De quoi --> dans la panneau "_Disque de démarrage_" des _Préférences Système_, choisir ton SSD comme volume de démarrage automatique. Ce qui va inscrire l'argument de _boot _ en NVRAM.

--> remettre le HDD dans la baie n°4. Tester un démarrage avec "alt" : est-ce que tu vois tous tes volumes  démarrables ? Si tu bootes sur «Snow», est-ce qu'en re-démarrant avec "alt", tu vois toujours tous les volumes de _boot_, y compris «Yosemite» ? Si oui, affaire réglée. Sinon, re-démarrage automatique et tu devrais revenir à «Yosemite». Est-ce que ⌘R remarche ?

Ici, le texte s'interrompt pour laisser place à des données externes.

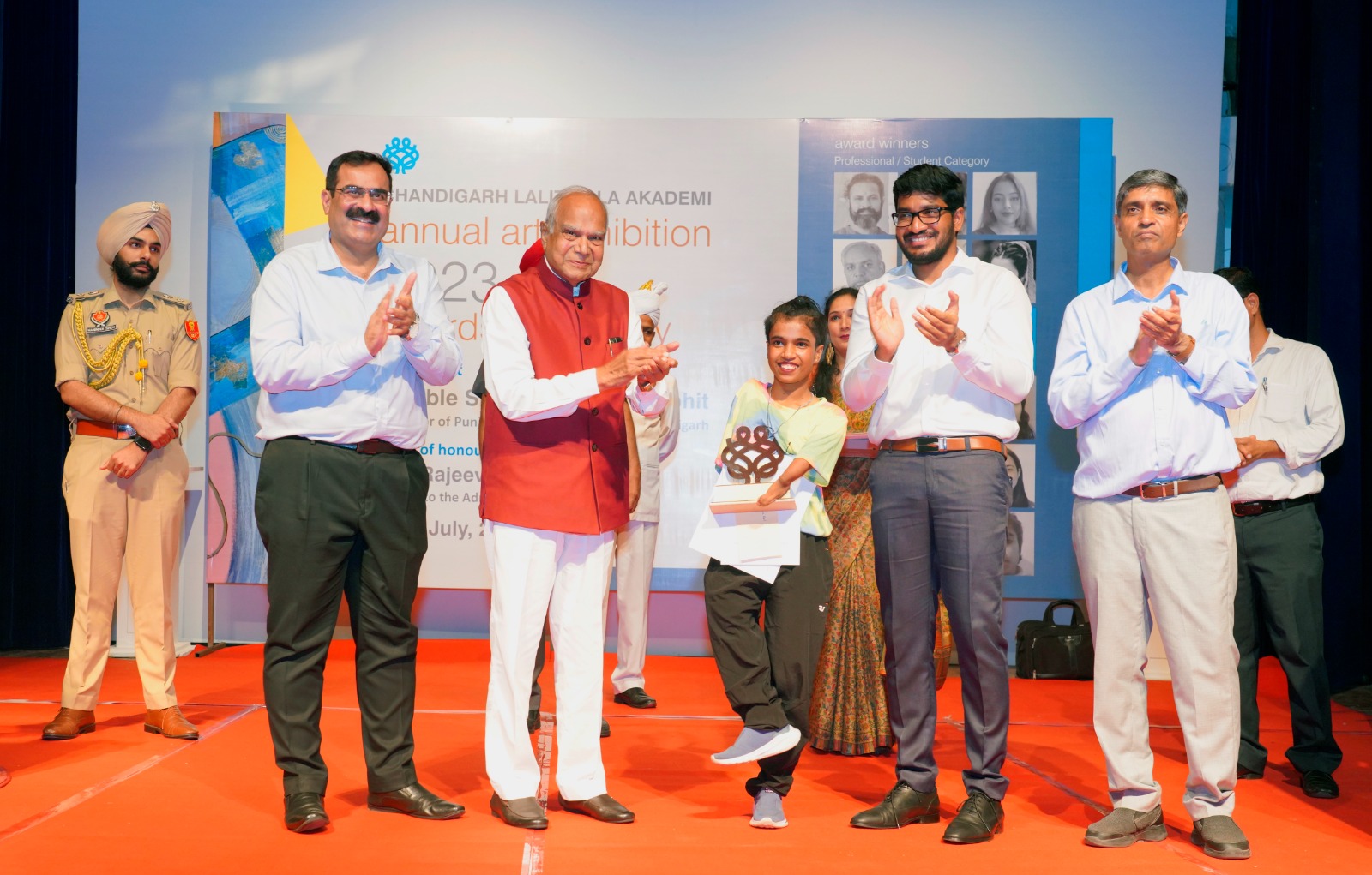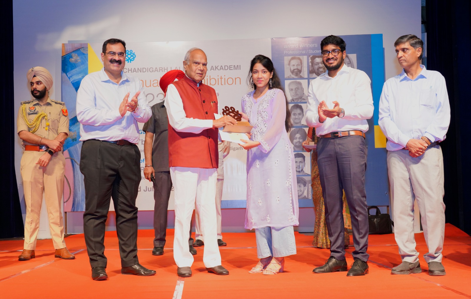 ਚੰਡੀਗੜ੍ਹ, 22 ਜੁਲਾਈ, 2024 ਚੰਡੀਗੜ੍ਹ ਲਲਿਤ ਕਲਾ ਅਕਾਦਮੀ ਨੇ ਆਪਣਾ ਸਲਾਨਾ ਪੁਰਸਕਾਰ ਸਮਾਰੋਹ ਪੰਜਾਬ ਕਲਾ ਭਵਨ, ਚੰਡੀਗੜ੍ਹ ਵਿਖੇ ਬੜੇ ਉਤਸ਼ਾਹ ਅਤੇ ਸਨਮਾਨ ਨਾਲ ਮਨਾਇਆ। ਬਨਵਾਰੀਲਾਲ ਪੁਰੋਹਿਤ, ਪੰਜਾਬ ਦੇ ਰਾਜਪਾਲ ਅਤੇ ਯੂਟੀ ਚੰਡੀਗੜ੍ਹ ਦੇ ਪ੍ਰਸ਼ਾਸਕ ਮੁੱਖ ਮਹਿਮਾਨ ਵਜੋਂ ਸ਼ਾਮਲ ਹੋਏ, ਜਿਨ੍ਹਾਂ ਨੇ ਪੁਰਸਕਾਰ ਜੇਤੂ ਕਲਾਕਾਰਾਂ ਨੂੰ ਸਨਮਾਨਿਤ ਕੀਤਾ। ਰਾਜੀਵ ਵਰਮਾ, ਪ੍ਰਸ਼ਾਸਕ ਦੇ ਸਲਾਹਕਾਰ ਨੇ ਮਹਿਮਾਨ ਵਜੋਂ ਸ਼ਿਰਕਤ ਕੀਤੀ

--> s'occuper de «rEFInd» : quand tu dis que tu as mis à la corbeille le dossier de ses ressources (qui, intrinsèquement, est aussi inactif qu'un dossier de photos sur ton Bureau), c'était sous «Snow Léopard» ? --> si donc tu as installé «rEFInd» depuis «Snow Léopard», alors les binaires de «rEFInd» se sont donc installés sur l'ESP (EFI System Partition) de ton HDD quand il était dans la baie n°1 et pas sur l'ESP de ton SSD où ils devraient absolument s'installer pour supporter «Yosemite» ! Il faudrait que tu télécharges et installes «rEFInd» depuis ta session de «Yosemite». Que les binaires s'installent sur la partition-EFI de ton SSD. Alors, je pense, «rEFInd» te proposerait tous tes volumes comme options de _boot_.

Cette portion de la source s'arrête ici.